There is one thing about the function names that I wanted to point out. The auparse_normalizer functions are all prefixed with aup_. There were some unfortunate naming collisions that necessitated the change in names.

Another thing to notice is that the normalizer metadata functions can throw exceptions. They are always a RuntimeError whenever the function would have returned NULL as a C function.

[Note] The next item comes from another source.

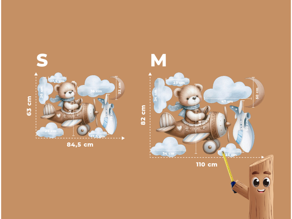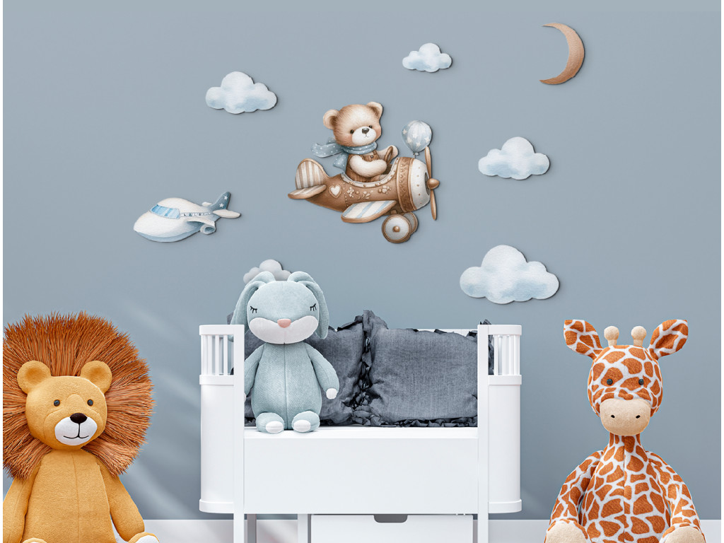 Der Bärenpilot fliegt zwischen den Wolken mit dem Mond über sich und einem weiteren Flugzeug in der Ferne. Ein niedliches Bild für das Kinderzimmer kleiner Träumer und Abenteurer.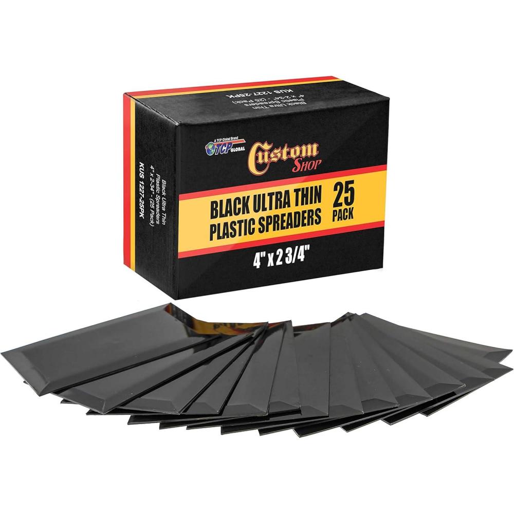 Custom Shop 4 x 2-3/4 Inch Plastic Body Filler Spreader Tools (25 Pack) for Automotive Body Fillers, Putties, Glazes, Epoxy Resin, Caulk, Glues - Double Sided Plastic Spreader Tool

The above program also shows how to read a file from stdin which is descriptor 0. Below is some sample output:

ausearch --start today --raw | ./test3.py

---
event:  SYSCALL
  event-kind: audit-rule
  session: 4
  subject.primary: auid = sgrubb
  subject.secondary: uid = sgrubb
  action: opened-file
  object.primary: name = /etc/audit/auditd.conf
  object-kind: file
  how: /usr/sbin/ausearch
---
event:  SYSCALL
  event-kind: audit-rule
  session: 4
  subject.primary: auid = sgrubb
  subject.secondary: uid = sgrubb
  action: opened-file
  object.primary: name = /etc/audit/auditd.conf
  object-kind: file
  how: /usr/sbin/ausearch



Conclusion
The auparse python bindings can be used whenever you want to manipulate audit data via python. This might be preferable in some cases where you want to create a Jupyter notebook with some reports inside. Another possibility is that you can go straight to Keras, Theano, or TensorFlow in the same application. We will eventually cover machine learning and the audit logs. It'll take some time to get there because there are a lot of prerequisite setups that you would need to do.